**Your objective:**
From the line that holds "Блузка свободного кроя" down to the last line of the listing below, transcribe exactly and only those lines. Leave pictures out.

**Data shown:**
• • • •

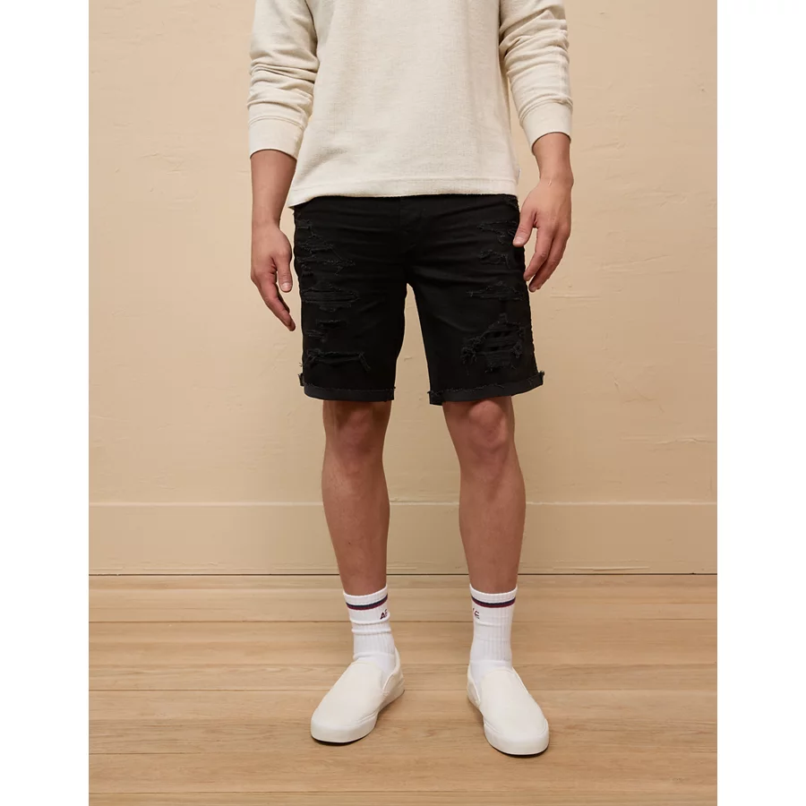 AE 9″ AirFlex+ Patched Denim Short – Rip And Repair Black
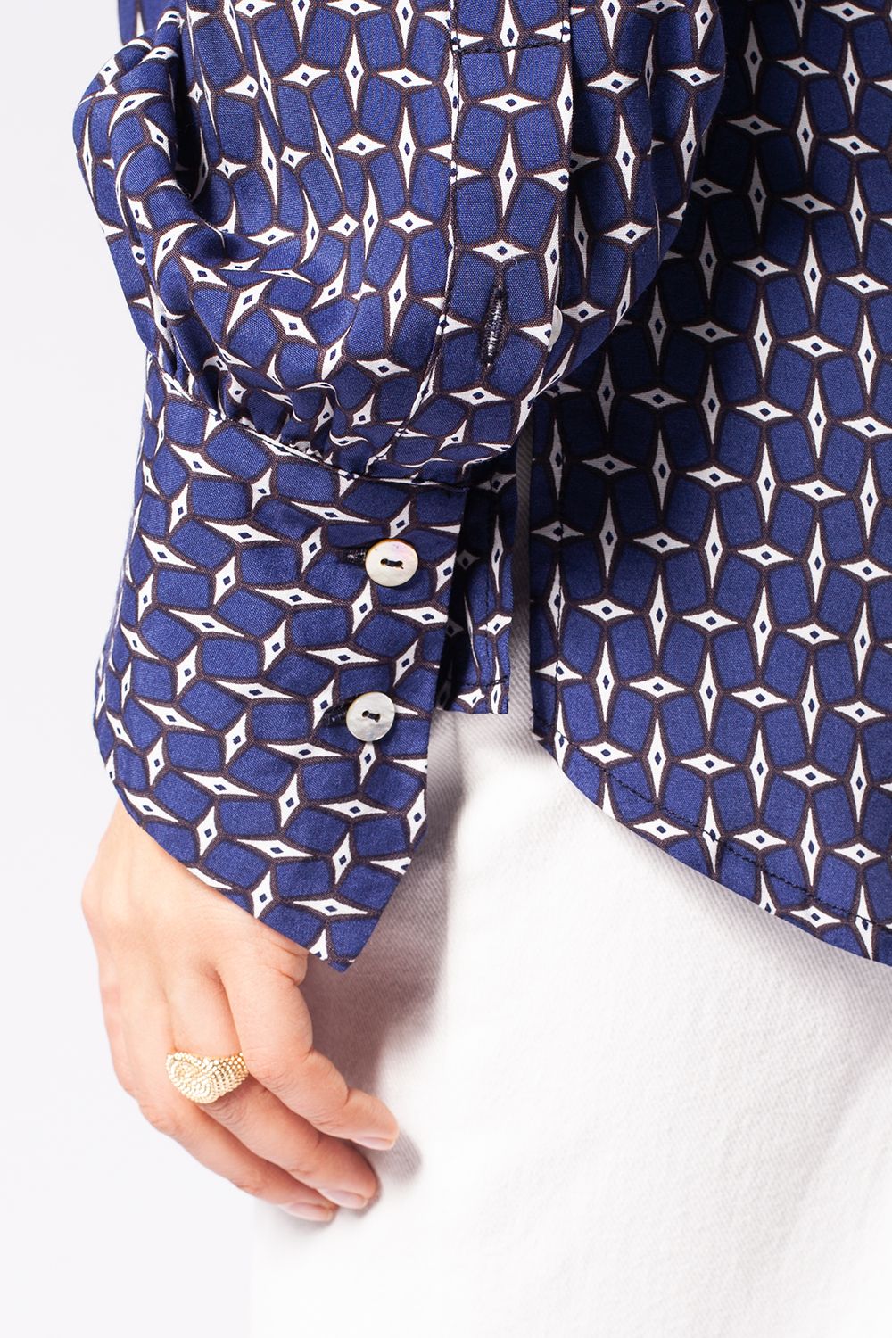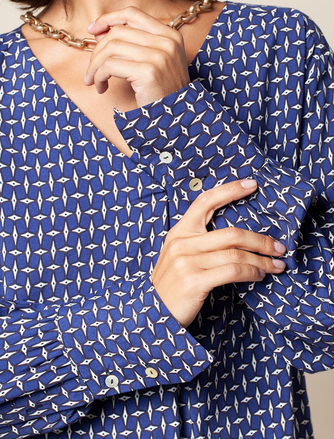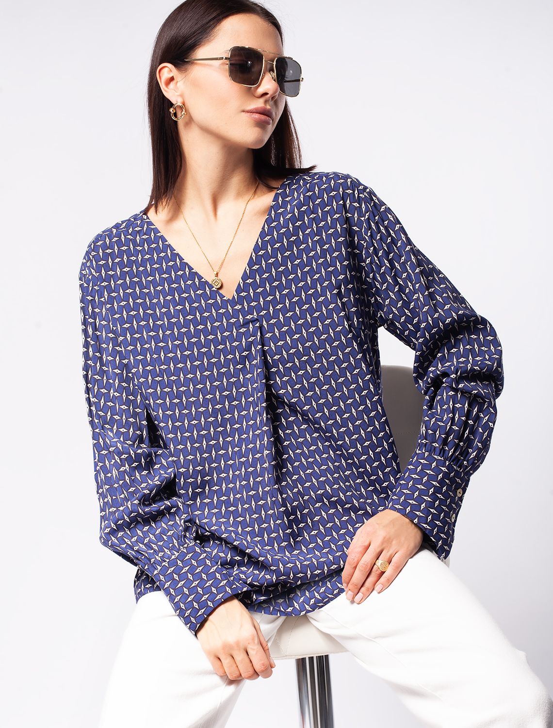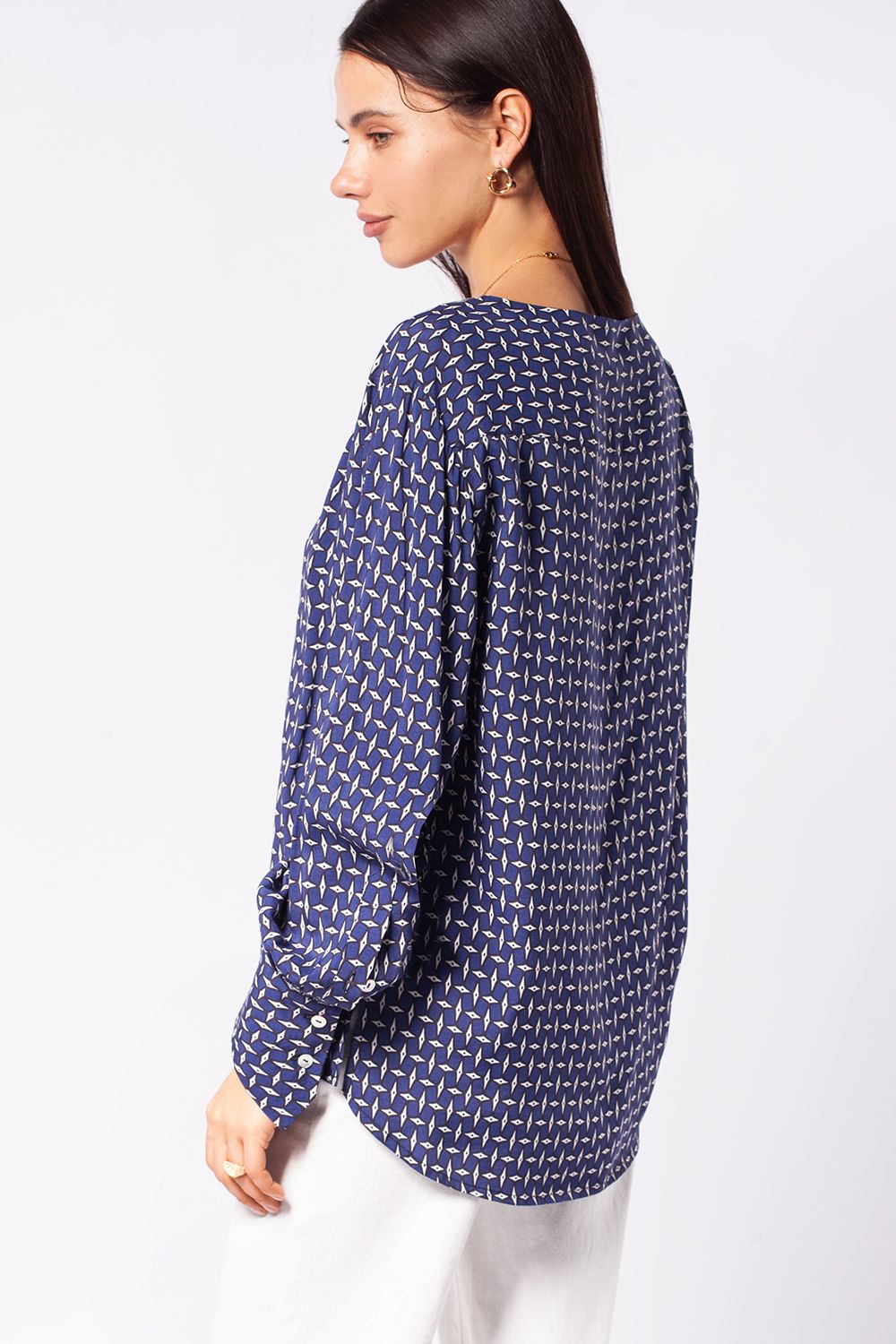 Блузка свободного кроя без застежки из лиоцелла с вискозой. Выполнена из премиальной вискозы с матовым блеском, как у натурального шелка. Крупный геометрический принт поддержан дизайнерскими манжетами. Изделие из легкого материала сохраняет безупречный вид в течение всего дня.
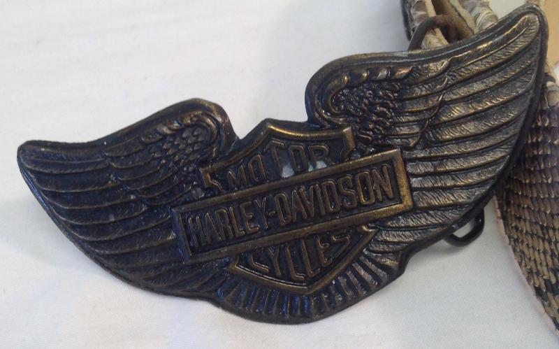 Harley Davidson belt buckle snake leather belt. Item is numbered 83. Belt measurement approximate : 36 inches in length. Material : Bronze/ snake leather skin. Shipping cost: $12.00

• • • •

**Completed exercise:**
 Блузка свободного кроя без застежки из лиоцелла с вискозой. Выполнена из премиальной вискозы с матовым блеском, как у натурального шелка. Крупный геометрический принт поддержан дизайнерскими манжетами. Изделие из легкого материала сохраняет безупречный вид в течение всего дня.
 Harley Davidson belt buckle snake leather belt. Item is numbered 83. Belt measurement approximate : 36 inches in length. Material : Bronze/ snake leather skin. Shipping cost: $12.00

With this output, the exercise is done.